Studio and Mini-Major Moves: Prestige-leaning dread rebounds

The majors are assertive. If 2024 prepared the terrain, 2025 doubles down.

Universal’s distribution arm sets the tone with a risk-forward move: a newly envisioned Wolf Man, set not in some misty 19th-century European village, in a clear present-tense world. Under director Leigh Whannell featuring Christopher Abbott and Julia Garner, this approach fixes the lycanthropy within intimate rupture. The turn is more than creature work, it is about marriage, parenthood, and humanity. arriving mid January, it fits the new plan to claim winter’s soft window with prestige horror rather than castoffs.

Spring sees the arrival of Clown in a Cornfield, a YA slasher adaptation turned minimalist horror show. Steered by Eli Craig with Katie Douglas and Kevin Durand, it feels like crimson splashed Midwest menace with winked critique. Behind the grin, it unpacks local hysteria, generational chasms, and crowd justice. Early circuit chatter says it has bite.

As summer eases, the Warner Bros. banner drops the final chapter from its cornerstone horror IP: The Conjuring: Last Rites. With Vera Farmiga and Patrick Wilson returning as Ed and Lorraine Warren, the film signals catharsis as it engages a widely cited real case. Though the formula is familiar, director Michael Chaves reportedly leans into a mournful, interior tone for the swan song. It arrives early September, buying space before the October wave.

The Black Phone 2 steps in next. Originally slated for early summer, its move to an October release suggests confidence. Derrickson re engages, and the defining traits of the first sleeper return: nostalgic menace, trauma as theme, with ghostly inner logic. This run ups the stakes, by expanding the “grabber” backstory and grief across bloodlines.

Rounding out the big ticket releases is Five Nights at Freddy’s 2, a franchise that brings its own crowd. The continuation widens the legend, broadens the animatronic terror cast, and targets both teens and thirtysomething fans of the original game.
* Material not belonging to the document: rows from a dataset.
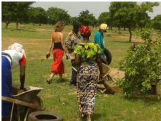
Nettoyage plusieurs mois après l'incendie durant la saison sèche. Et reprise des activités de clôture de la ferme après l'incendie.

A gauche eau de l'étang image au-dessus.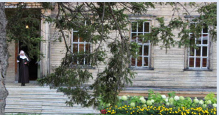
Le plaisir d'évoquer le passé.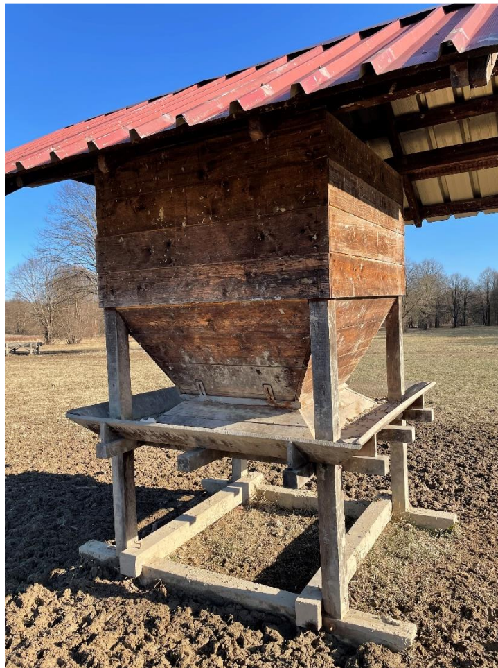
Slika 9. Hranilište za jelensku divljač za zrnatu hranu

Solišta su u lovištu postavljena uz hranilišta, kako bi se redovno nadopunjavala i kontrolirala divljač koja dolazi na sol. Spremišta za hranu su u većini slučajeva i mjesta hranjenja jelenske divljači. Hranilišta za jelensku divljač izrađena su od drva kao prirodnog materijala, dostupna divljači i da se što drže oduže. Lovnotehnički objekti se redovno obilaze i zapisuje se njihovo stanje te se sukladno tome popravljaju ili podižu novi.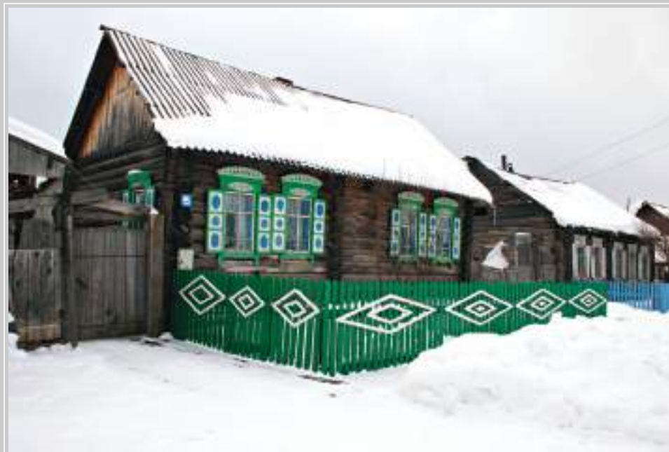
15 (18). Дом-пятистенок с двускатной крышей. Село Кондратьево Тайшетского района Иркутской области. Фото 1998 г.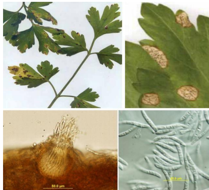
Slika 9. Gljivična bolest na listu peršina Septoria petroselini

Kada je riječ o simptomima napada ličinke mrkvine muhe, prvi simptomi se zamjećuju na listu koji počinje dobivati ljubičastu boju, potom žuti i suši se. Korijen napadnut ličinkama gubi tržišnu vrijednost te se često deformira. Na listovima peršina štete mogu prouzročiti lisni mineri čije ličinke prave hodnike u gornjem dijelu lišća (Matotan, 2004.).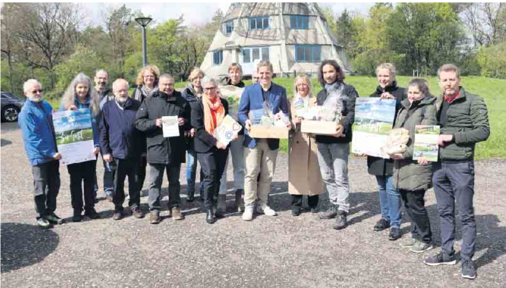
Vor dem Astropeiler Stockert versammelten sich die Verantwortlichen der Veranstaltung „Zu Gast in der eigenen Heimat“.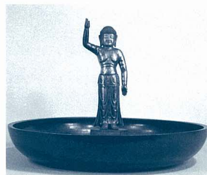
誕生釈迦仏立像及び灌仏盤 国宝 奈良時代・8世紀 東大寺蔵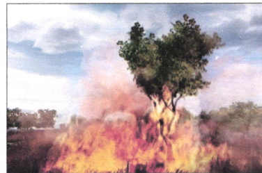
QUÍMICOS – TÉCNICOS

It posts in December, pinning the winter close.

Streaming Originals: No Budget, No Problem

With cinemas leaning into known IP, platforms are embracing risk, and engagement climbs.

An especially bold streamer bet is Weapons, a cold trail horror omnibus braiding three timelines tied to a mass vanishing. From Zach Cregger and featuring Josh Brolin and Julia Garner, the release pairs unease with narrative heft. Rolling out in theaters late summer before fall platform release, it will likely trigger thread wars and analysis videos, recalling Barbarian.

Playing chamber scale is Together, a room scale body horror descent anchored by Alison Brie and Dave Franco. Taking place in an isolated rental as a retreat goes wrong, the narrative traces love and jealousy and self contempt into body collapse. It feels intimate, ghastly, and profoundly uneasy, a three part fall into codependent hell. Although a platform date is not yet posted, it is virtually assured for fall.

On the docket is Sinners, a 1930s set vampire folk tale fronted by Michael B. Jordan. Framed in sepia richness with biblical metaphor, it feels like There Will Be Blood fused with Let the Right One In. The project looks at American religious trauma under a supernatural allegory. Early test screens tag it as a top talked streaming debut.

A handful of other streaming indies hover in the wings: Bring Her Back, Bone Lake, and Keeper all lean on grief, loss, and identity, favoring allegory over fireworks.

The Possession Runs Deep: Young & Cursed

Arriving October 2 across major platforms, Young & Cursed reads as a rare blend, small in footprint yet mythic in spread. Conceived and directed by Andrew Chiaramonte, the film follows five strangers who wake in a remote wilderness cabin under the thrall of Kyra, a young woman possessed by the ancient biblical demon Lilith. When darkness comes, Kyra’s power swells, a penetrating force tapping their private fears, soft spots, and remorse.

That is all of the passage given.